All of these external pressures of finding a full-time job, finding a boyfriend, moving out, having a plan, etc.– they’re always going to be there because life is constantly changing and that’s pretty exciting. As I talked about in a previous post, life is full of setbacks in which we cannot prepare for, it’s all about how we choose to handle them. I don’t necessarily want to know what the rest of my life holds right now, I just want to take it day by day. I’m not insinuating it’s wrong to have a plan, but it’s also okay not have one as well, but sometimes it’s hard to live in a society that constantly criticizes, instills ideas of conventional-ism and expects you to have your shit together the second you graduate college.

There have been plenty of things that have knocked me down since graduating, and I’m sure I’m not the only one who has faced a plethora of obstacles, and maybe I take some comfort in knowing I’m not the only one, sorry if that makes me selfish but your 20s are all about being selfish apparently.

My resilience has been a great asset to me, particularly in recent months. Between unsuccessful job searching, relationships, frustrations of living at home, financial struggles, it felt like the skies were never going to clear and I was always going to be walking with a rain cloud above my head. Then I stopped feeling sorry for myself  and everything changed; the happiness I’ve found is something I can’t explain, but I found it through different things which I’ll explain in a future post.

Some questions that I really cannot stand and get farther under my skin than possible, are those of “So, what are you doing now?” and “Why aren’t you dating?”. First of all, do not ask me what I’m up to when there’s a 90% chance you follow me along social media and probably know the answer to your own question- just ask how I’m doing, and if I choose to elaborate further then great, but chances are if I don’t see you very often, you probably don’t care that much so stop using that as a filler for small talk.

The dating question primarily comes from family members and since I haven’t dated in a while, they probably all think I’m a secret lesbian, but that is in fact, NOT the case.
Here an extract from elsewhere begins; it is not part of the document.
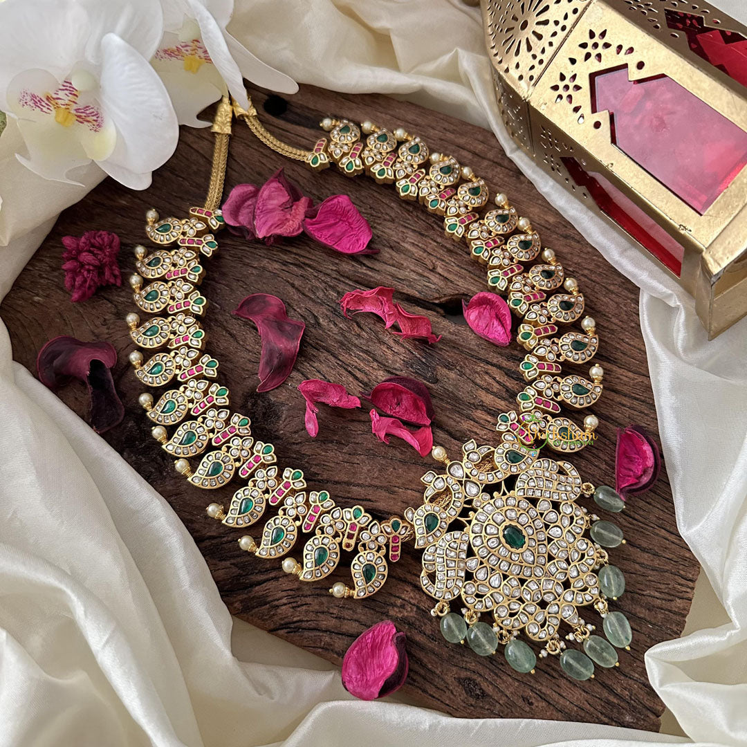 This exquisite Precious White Green Kundan Jadau Manga Haram adds a touch of luxury to any outfit. Featuring beautifully crafted green Kundan stones and delicate aqua green beads, this necklace is a true work of art. Elevate your style and make a statement with this one-of-a-kind piece.

I have different reasons for being single, but primarily I just haven’t met anyone worth the time yet and I’m content with that because right now is all about me and I want to love myself before I love anyone else.

I think what I’ve really learned this year, virtually through social media postings, is that everyone is on a different path, some are overcoming larger obstacles or taking more significant steps, but that’s just how it is. Half of my generation are getting engaged, married, starting families and buying houses, while the other half is getting blacked out every weekend and soaking up their 20s; I’m happy to say I fall into the second half of that sentence. Whatever your path is right now or how far along you are in this marathon of life, be proud of it because it’s your life and your life is something you should always take pride in.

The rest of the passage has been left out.